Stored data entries

===============

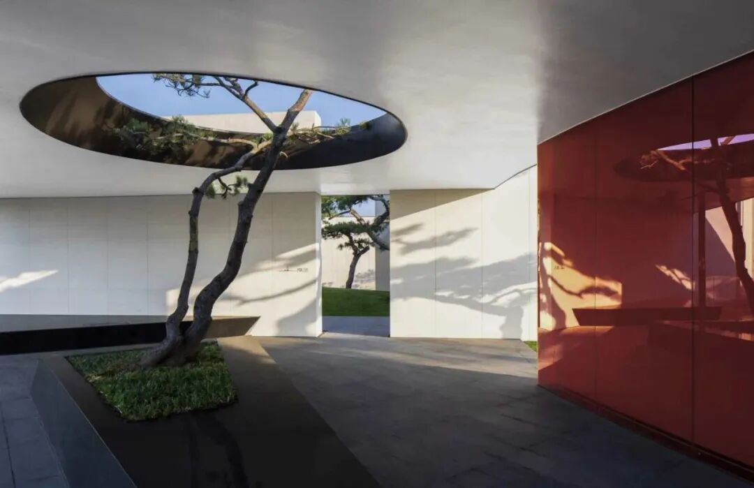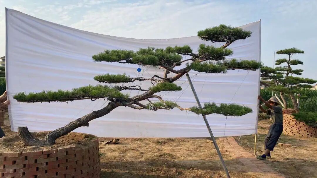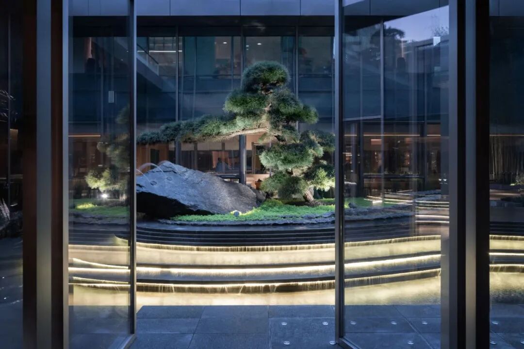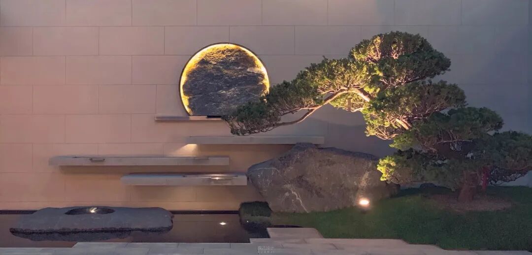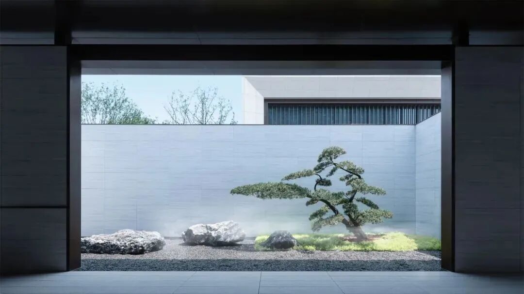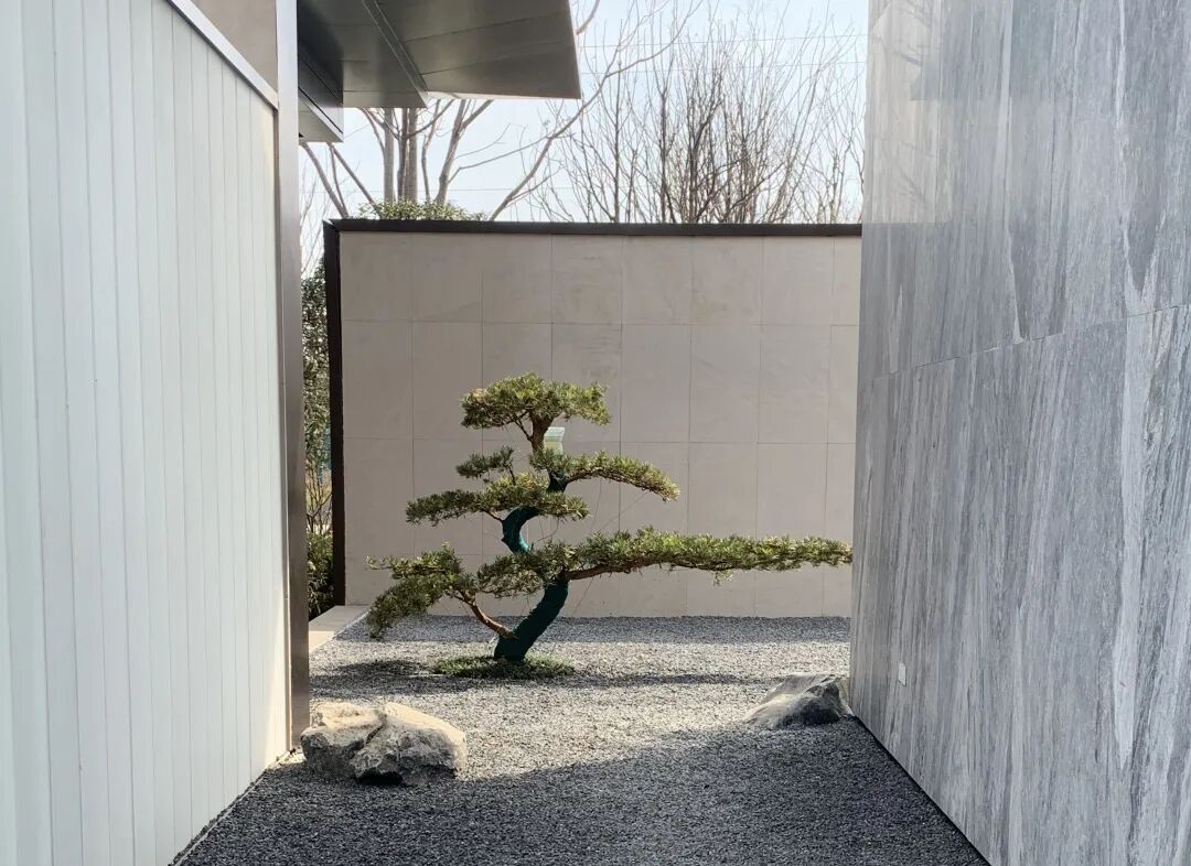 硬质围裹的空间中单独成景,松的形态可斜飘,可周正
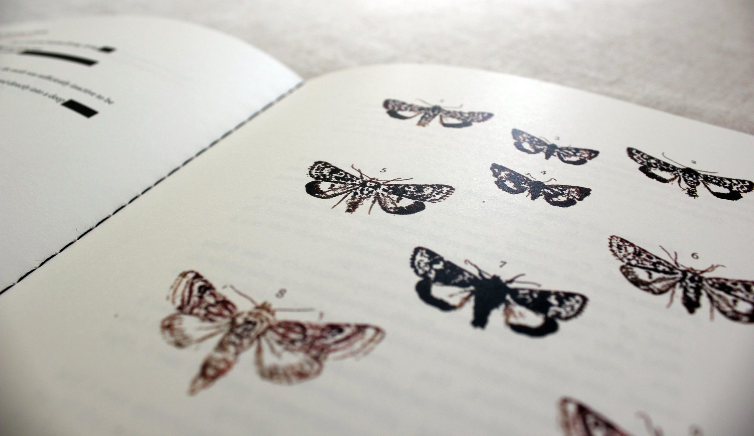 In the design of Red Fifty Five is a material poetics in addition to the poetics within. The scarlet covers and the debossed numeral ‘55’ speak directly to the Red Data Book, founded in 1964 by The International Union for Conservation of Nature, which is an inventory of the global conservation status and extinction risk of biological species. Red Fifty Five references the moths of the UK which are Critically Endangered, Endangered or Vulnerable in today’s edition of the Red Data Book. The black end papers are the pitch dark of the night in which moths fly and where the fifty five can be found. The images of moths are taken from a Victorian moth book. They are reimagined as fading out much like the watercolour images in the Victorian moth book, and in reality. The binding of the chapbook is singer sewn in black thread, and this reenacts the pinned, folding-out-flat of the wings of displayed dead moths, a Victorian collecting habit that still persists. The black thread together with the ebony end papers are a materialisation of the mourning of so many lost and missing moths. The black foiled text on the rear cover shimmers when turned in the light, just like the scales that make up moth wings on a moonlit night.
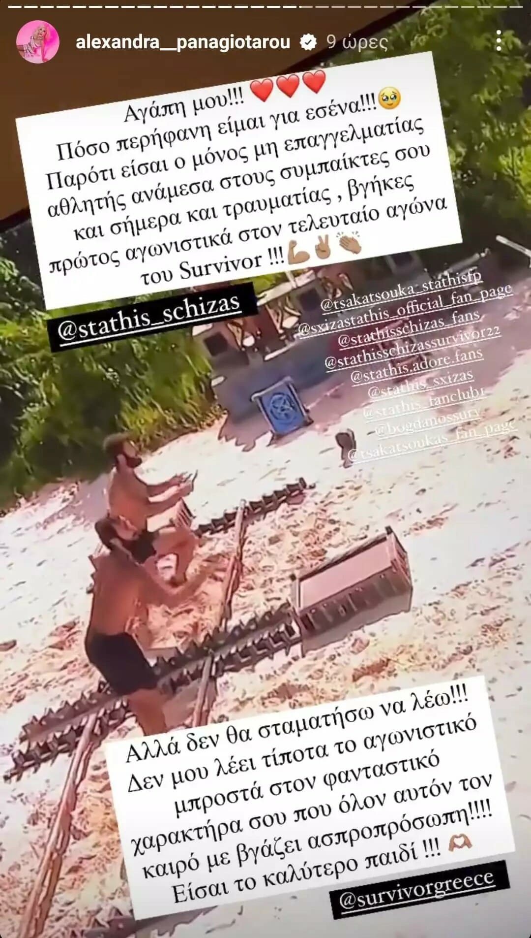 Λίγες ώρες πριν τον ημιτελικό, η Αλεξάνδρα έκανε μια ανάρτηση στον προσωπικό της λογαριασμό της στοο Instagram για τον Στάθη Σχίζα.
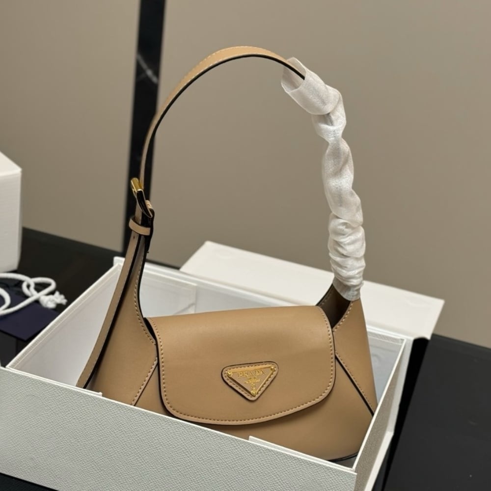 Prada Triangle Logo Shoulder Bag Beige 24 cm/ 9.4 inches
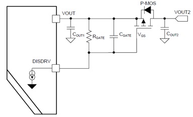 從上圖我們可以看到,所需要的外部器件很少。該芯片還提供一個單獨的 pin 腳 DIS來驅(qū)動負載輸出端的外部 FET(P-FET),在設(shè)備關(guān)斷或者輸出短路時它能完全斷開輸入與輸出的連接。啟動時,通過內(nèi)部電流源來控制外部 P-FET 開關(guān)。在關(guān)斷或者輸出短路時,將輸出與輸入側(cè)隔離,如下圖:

===============

THE PROBLEM
The expected output is every entry, retyped exactly, with all pictures removed.

YOUR SOLUTION
 硬质围裹的空间中单独成景,松的形态可斜飘,可周正
 In the design of Red Fifty Five is a material poetics in addition to the poetics within. The scarlet covers and the debossed numeral ‘55’ speak directly to the Red Data Book, founded in 1964 by The International Union for Conservation of Nature, which is an inventory of the global conservation status and extinction risk of biological species. Red Fifty Five references the moths of the UK which are Critically Endangered, Endangered or Vulnerable in today’s edition of the Red Data Book. The black end papers are the pitch dark of the night in which moths fly and where the fifty five can be found. The images of moths are taken from a Victorian moth book. They are reimagined as fading out much like the watercolour images in the Victorian moth book, and in reality. The binding of the chapbook is singer sewn in black thread, and this reenacts the pinned, folding-out-flat of the wings of displayed dead moths, a Victorian collecting habit that still persists. The black thread together with the ebony end papers are a materialisation of the mourning of so many lost and missing moths. The black foiled text on the rear cover shimmers when turned in the light, just like the scales that make up moth wings on a moonlit night.
 Λίγες ώρες πριν τον ημιτελικό, η Αλεξάνδρα έκανε μια ανάρτηση στον προσωπικό της λογαριασμό της στοο Instagram για τον Στάθη Σχίζα.
 Prada Triangle Logo Shoulder Bag Beige 24 cm/ 9.4 inches
 從上圖我們可以看到,所需要的外部器件很少。該芯片還提供一個單獨的 pin 腳 DIS來驅(qū)動負載輸出端的外部 FET(P-FET),在設(shè)備關(guān)斷或者輸出短路時它能完全斷開輸入與輸出的連接。啟動時,通過內(nèi)部電流源來控制外部 P-FET 開關(guān)。在關(guān)斷或者輸出短路時,將輸出與輸入側(cè)隔離,如下圖:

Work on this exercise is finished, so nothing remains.